"Public healthcare delivery is in crisis, is it time to rethink permitted development constraints?"

26th September 2017

If the supply of housing can command relaxations in planning rules, surely healthcare, arguably a greater moral good, deserves equal or better treatment?  Mike Harris, Senior Associate Town Planner, talks about improving the system of healthcare town planning.

mike haris town planning stride treglown

Modern town planning has its roots in public health concerns, and planning has been inextricably linked with healthcare ever since. Both the NHS and the planning system we are familiar with today were born out of the Beveridge Report of 1942 and the subsequent creation of the welfare state. Indeed, modern planning policy explicitly promotes development that supports positive health outcomes.

It is a shame, therefore, that the two systems are so poorly aligned. The misfit is storing up fundamental tensions that are part of the problem in our hospitals. Rearranging two such behemoths is an unpromising prospect, but could a few deft legislative moves be part of the solution?

The mismatch in healthcare planning

As a practice, Stride Treglown is deeply involved in the healthcare sector and well placed to comment. Our teams of architects, landscape designers and town planners are trusted to develop estate strategies, design effective buildings and secure planning consents for our many long-term clients.

Our planning expertise extends to all scales. We work on major new build projects, spearheading the revolution in how care is provided. For example, we are currently involved with designing a critical treatment hospital for Hampshire Hospitals NHS Foundation Trust, a completely new concept at the intersection of clinical and management thinking.

We work just as successfully on smaller ancillary development projects to keep operations running efficiently by reconfiguring existing assets for short- and medium-term strategic gain.  We also regularly support the delivery of temporary space to ease the perennial but unpredictable pressure on beds over the winter months.

healthcare modular units

It is at this scale that the mismatch between healthcare and planning is felt most keenly. In a sector that struggles to keep pace with change and amid a tightening of the public purse strings, we should try to design out unnecessary obstacles for quick, efficient and cost-effective development. For now, though, the planning system is a significant roadblock.

The solutions

There are solutions out there. Another crisis – housing delivery – has been eased with the introduction of permitted development (PD) rights to convert office space to residential. This right curtails the determination period, smoothing the way for local authorities to give consent quickly where office space is otherwise redundant or underutilised.

Although there is a PD right for hospital development, it is very restrictive. Any project over 100 sq m has to secure full planning permission. To put this into context, another of our recent projects for Hampshire Hospitals NHS Foundation Trust measured a mere 150 sq m and provided just 9 beds. This is a drop in the ocean of need and yet required a full planning application. The enforced process ate up time, risked delays and obstacles, all of which could impact upon delivery this winter.

So what is the answer? Quite simply, new PD rights for hospital estates.
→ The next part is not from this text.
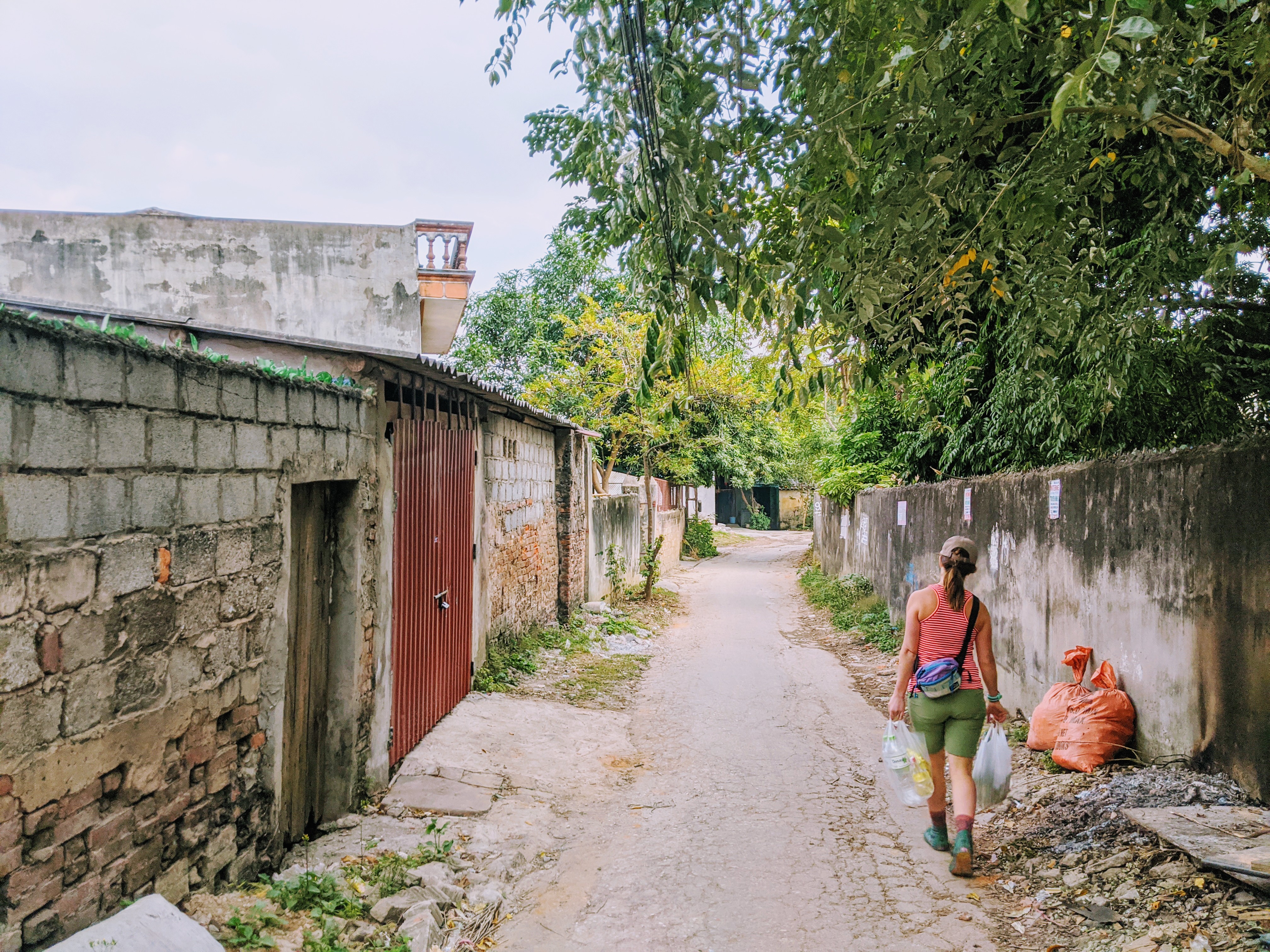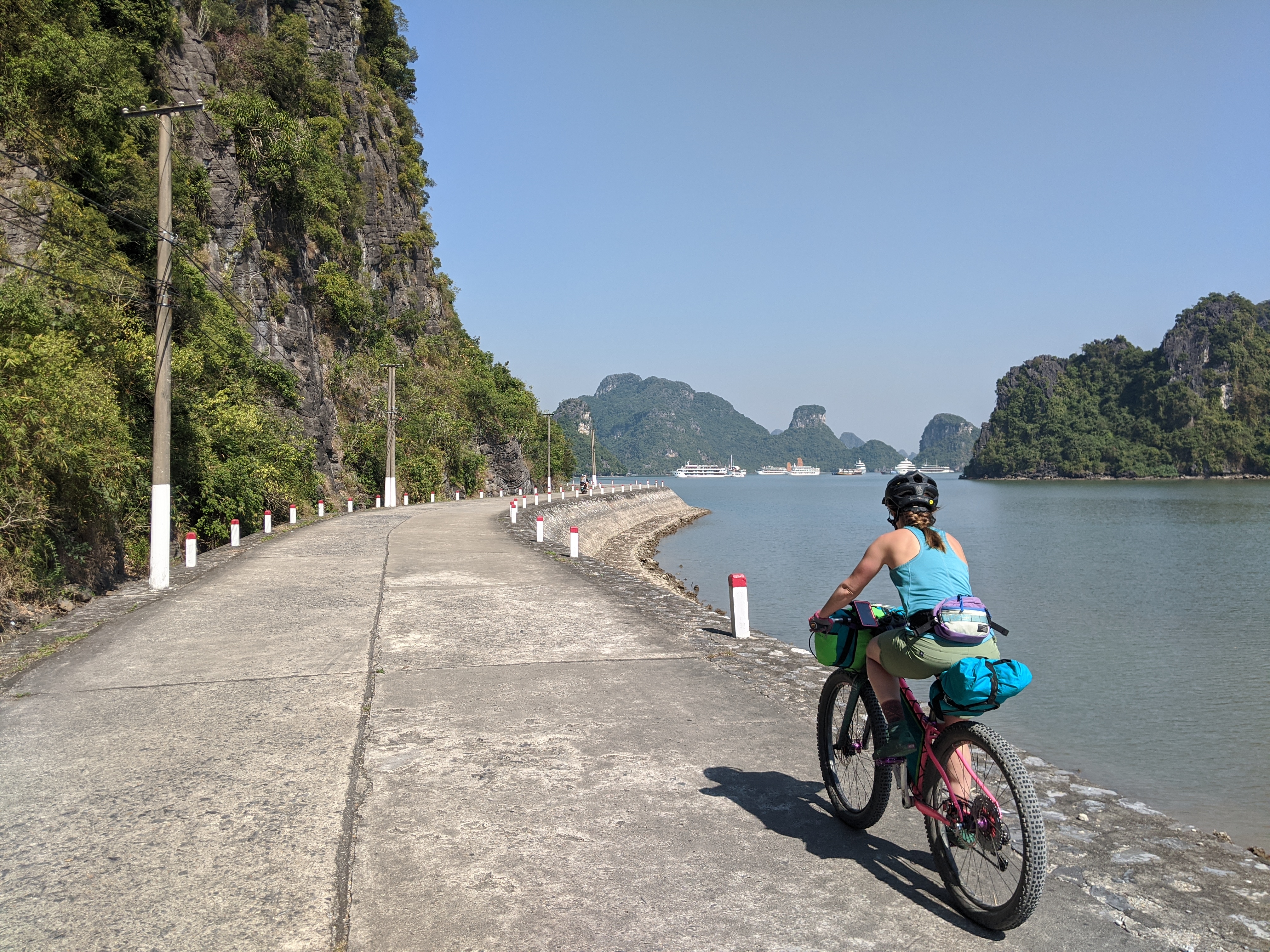 I’m doing the paper boy up the super steep street in Cat Ba Town, to the hotel Colleen picked which is like five feet below the very very top.

This would speed up the delivery of much needed (possibly temporary) bed space and other development, giving healthcare clients more flexibility in how they plan their complex services.

If we can use PD rights to support economic growth and housing supply, why not service improvement in healthcare? A new class of PD that balances need against impacts equitably, considered within 28 days (akin to agricultural prior approval), would be a significant help to our hard-pressed hospital trusts.

The right would only extend to ‘commonsense’ situations where objections are minor or non-existent. Heritage constraints would be excluded, for example. The onus would be on the applicant to supply information in advance, covering highways impacts (often just parking for hospital sites), flood risk, and contamination impacts so that local authorities could retain proper control.

Clearly, the details need to be carefully scoped. But the principle is unambiguous: we should have a planning process that facilitates the delivery genuinely positive impacts on society. After all, as the National Planning Policy Framework says, planning is “a creative exercise in finding ways to enhance and improve the places in which we live our lives”. What could be more central to this than our NHS?